Nesta viagem da saudade, a sua prioridade era rever a família. Não se tratava, é certo, verdadeiramente de uma família. Francisco sabia que fora adoptado e apenas dona Beatriz o fizera sentir-se de facto desejado; não lhe dera educação, era uma realidade, mas talvez isso se devesse mais à natural relutância de Francisco em estudar do que à vontade da mãe adoptiva de usar os seus consideráveis músculos para a ajudar nos trabalhos pesados de casa ou da loja. Ou pelo menos era isso o que ele gostava de pensar.

Quando dona Beatriz morreu, o rapaz ficou entregue à irmã mais velha, apesar de a relação entre ambos nunca ter sido muito estreita. Beatriz era a sua verdadeira família, Amélia uma pobre substituta. Mas era o que tinha. À outra irmã, Joana, poucas vezes lhe pusera os olhos em cima, até porque a rapariga cedo fora para casa do padrinho e apenas após a morte da mãe se haviam aproximado, já em Penafiel.
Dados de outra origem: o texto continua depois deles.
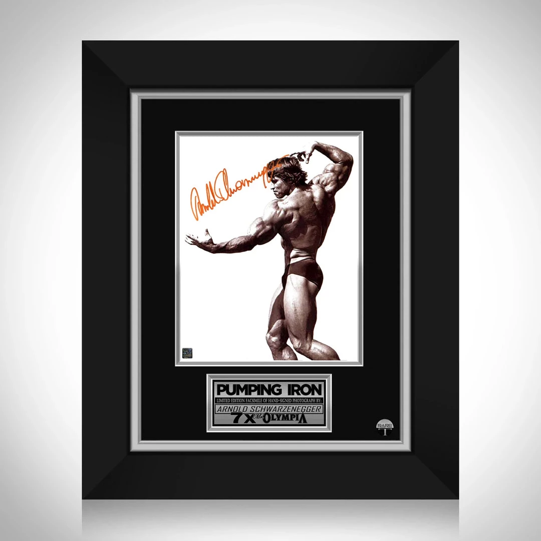Pay homage to Arnold Schwarzenegger and one of the most iconic docudramas of all time, Pumping Iron, with this gallery-framed, officially licensed, limited edition facsimile of the Hand-Signed photo of Arnold in his world famous bodybuilding pose, originally signed by politician, actor, filmmaker, businessman, author, and former professional bodybuilder, Arnold Schwarzenegger of which is strictly limited to 100 units Worldwide, and has been approved and numbered accordingly.

Vendo Amélia sentada na terceira fila, Francisco suspirou. A irmã adoptiva não estava à altura de dona Beatriz, sabia-o. Mas era o mais próximo que tinha do conceito de família.

Como ele ansiava por uma família! Toda a sua infância se concentrava agora naquela mulher. Se ela o enjeitasse, nada mais lhe restaria no mundo.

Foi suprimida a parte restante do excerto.